The plaintiffs did not have to take affirmative action in the circumstances while the occupation was “ ‘not of a nature to ripen into a valid adverse title. ’ ” (Wareham v. Randolph, 184 Cal.App.2d 218, 227 [7 Cal.Rptr. 483] ; Farmers’ Loan & *126Trust Co. v Denver L. & G. R.R. Co., 126 F. 46, 53 [60 C.C.A. 588]; Hays v. Marsh, 123 Iowa 81 [98 N.W. 604].)

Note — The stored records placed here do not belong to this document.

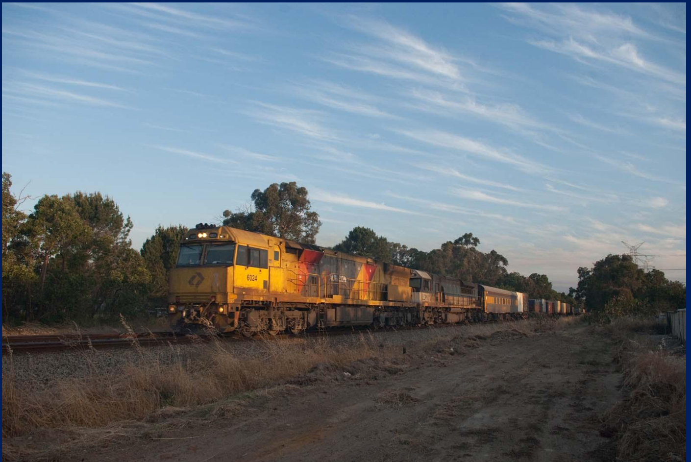
6024 & LDP001 on 2PM1 Aurizon intermodal at Swan View on November 7th.
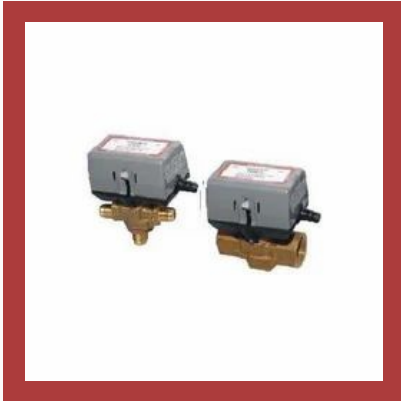
Honeywell FCU Valve
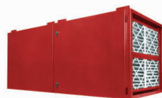
Ambient Air Cleaners

The orange trees were planted in 1963; appellants were immediately told they were trespassing; they would not acknowledge the surveyed boundary; plaintiffs brought suit in 1965; the judge found no laches on the part of plaintiffs and the evidence presents no showing of an abuse of discretion in the finding of the court. (Wilkerson v. Thomas, 121 Cal.App.2d 479, 490 [263 P.2d 678].) Appellants put their permanent improvements upon plaintiffs’ strip of land with full knowledge and warning. The evidence does not indicate any error in the judgment.
The judgment is affirmed.
Gargano, J., concurred.
Stone, J., deeming himself disqualified, did not participate.
A petition for a rehearing was denied January 16, 1968. Stone, J., did not participate therein. Appellants’ petition for a hearing by the Supreme Court was denied February 14, 1968.